Watermelon is often associated with summertime picnics and BBQs, but is it a good option for those following a ketogenic diet?
With 7.15 grams of net carbs per 100-gram serving, watermelon can be included in a keto diet in moderation.
The high water content (92%) in watermelon can also help with hydration.
Total and Net Carbs in Watermelon
Net carbs refer to the number of carbohydrates in a food that the body absorbs.
You can calculate net carbs by subtracting the grams of fiber in a serving from the total carbohydrates.
Total Carbohydrates – Grams of Fiber = Net Carbohydrates
In the case of Watermelon, there are 7.55 grams of total carbs and 0.4 grams of fiber per 1 tablespoon serving, resulting in 7.15 grams of net carbs.
Since carbs are limited on a keto diet, most keto resources recommend keeping your daily carb intake to 5 to 10% of your total calorie intake.
For example, on a 2,000-calorie diet, you’re limited to 25-50 grams of carbs daily.
The net carbs in Watermelon means it’s keto.
|Serving Size||100 grams|
|Total Fat||0.15 grams|
|Sugar||6.2 grams mg|
It’s important to note that nutrient values can vary based on the brand and specific product.
Potential Health Benefits
Watermelon offers a range of health benefits that can complement your keto diet when eaten in moderation.
Rich in Antioxidants
Watermelon is not just tasty; it’s a great source of antioxidants like vitamin C and beta-carotene. These antioxidants help combat oxidative stress and inflammation, reducing your risk of chronic illnesses such as heart disease and certain types of cancer.
High in Vitamin C
Vitamin C is crucial to the immune system and can help your body fight off infections. It also aids collagen production, which is essential for skin health and wound healing.
Aids in Weight Loss
Watermelon is naturally low in calories and has a high water content (92%). This can help you feel full and satisfied, making it easier to stick to your weight loss or keto diet goals.
Supports Heart Health
The combination of natural sugars, fiber, and essential vitamins in watermelon supports heart health by improving blood circulation and reducing blood pressure. Some studies have even suggested that watermelon can reduce arterial stiffness.

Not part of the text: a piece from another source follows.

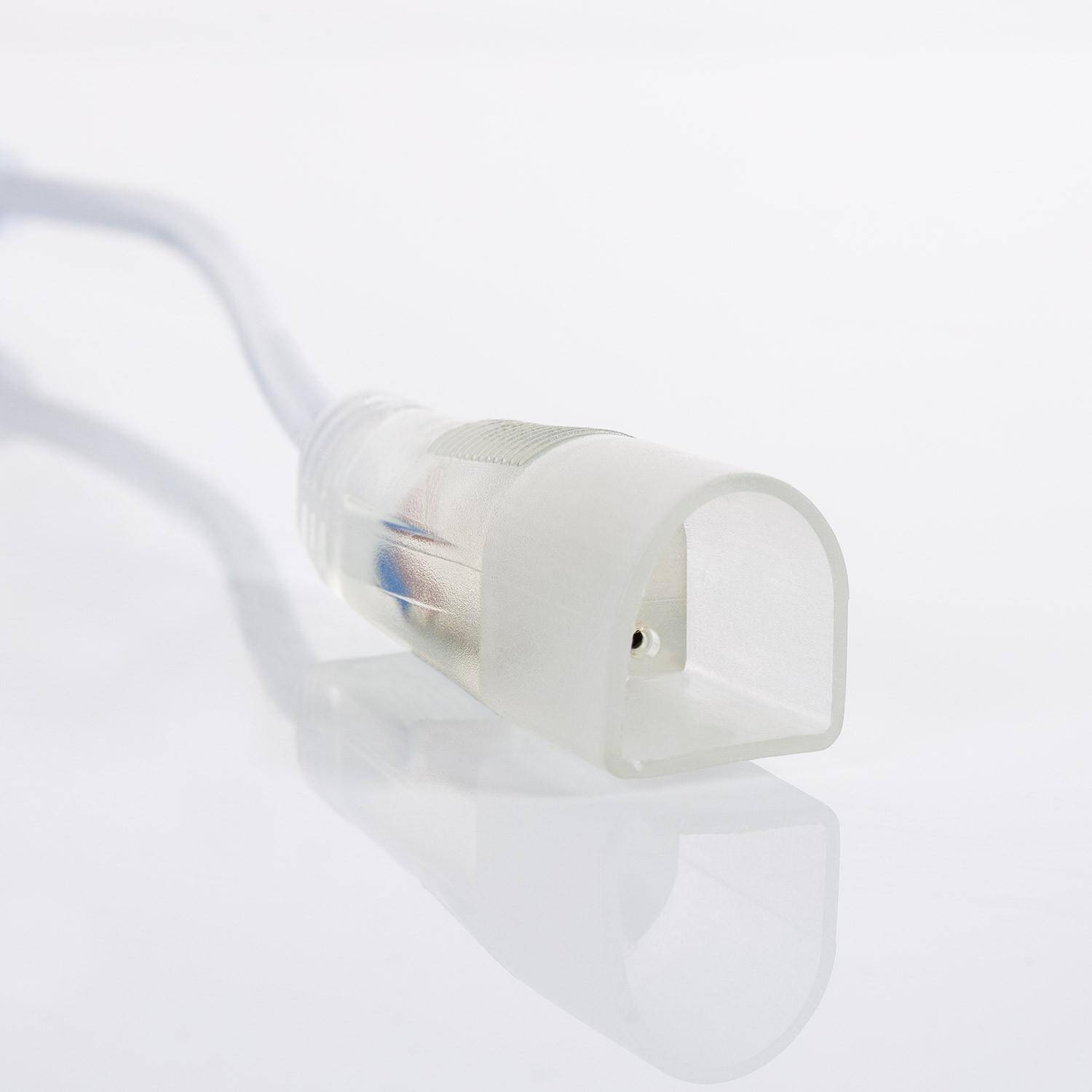 Le câble se connecte directement à l'extrémité du néon LED flexible via l'embout semi circulaire visible sur les photos. L'installation est plug and play pour les profils compatibles. Si vous avez un doute sur la compatibilité mécanique, comparez l'embout du câble avec l'extrémité de votre ruban néon ou contactez notre support avant la pose.

The high water content in watermelon is not just for show; it helps keep you hydrated. This is particularly useful if you’re experiencing symptoms of “keto flu,” which can include dehydration.
Good for Skin and Hair
Vitamin C isn’t just good for your immune system; it’s also essential for the health of your skin and hair. It aids in collagen production, which keeps your skin supple and your hair strong.
May Help Relieve Muscle Soreness
Watermelon contains a good amount of an amino acid called citrulline, which may help relieve muscle soreness. This can be beneficial for those who incorporate exercise into their ketogenic lifestyle.

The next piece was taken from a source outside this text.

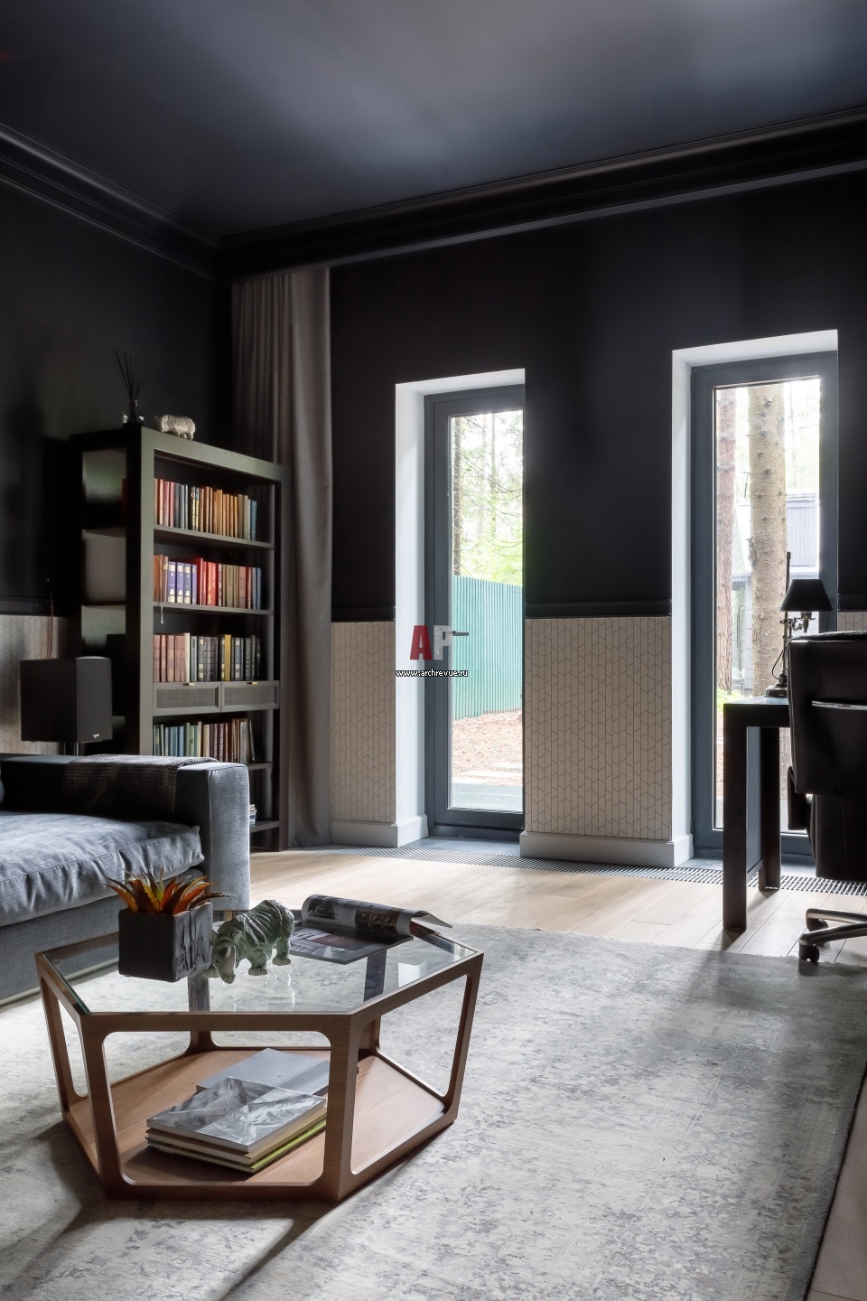 Кабинет с функцией домашнего кинотеатра находится на первом этаже. Он имеет отдельный выход на улицу. Диван, Flexform. Стеллаж, Bamax. Стол массив ореха. Стены и потолок выкрашены краской Paint & Paper Library, оттенок Mono Chrome Paint.

Natural Diuretic Properties
Watermelon has natural diuretic properties that can help remove excess fluids from the body, reducing water weight and bloating. This can be especially helpful during the early stages of a keto diet when the body adjusts to a low-carb intake.
If you’re wary of the carb content in watermelon, there are other keto-friendly fruits you can consider:
- Berries. Lower in net carbohydrates and rich in antioxidants.
- Avocado. Packed with healthy fats and is very low in net carbs.
Ways to Add to Your Keto Diet
- Watermelon Smoothies. Mix a small amount of diced watermelon with some healthy fats like avocado and blend.
- Keto-Friendly Fruit Salad. Combine small portions of watermelon with other low-carb fruits like berries.
- Watermelon Ice Cubes. Freeze watermelon juice and use it in your water for a fruity twist.
The Bottom Line
With 7.15 grams of net carbs per 100 grams, watermelon can be part of a keto diet when eaten in moderation. Its high water content and nutritional benefits make it a refreshing choice, especially during hot weather.
Just be mindful of your daily carb allowance to ensure it fits into your ketogenic lifestyle.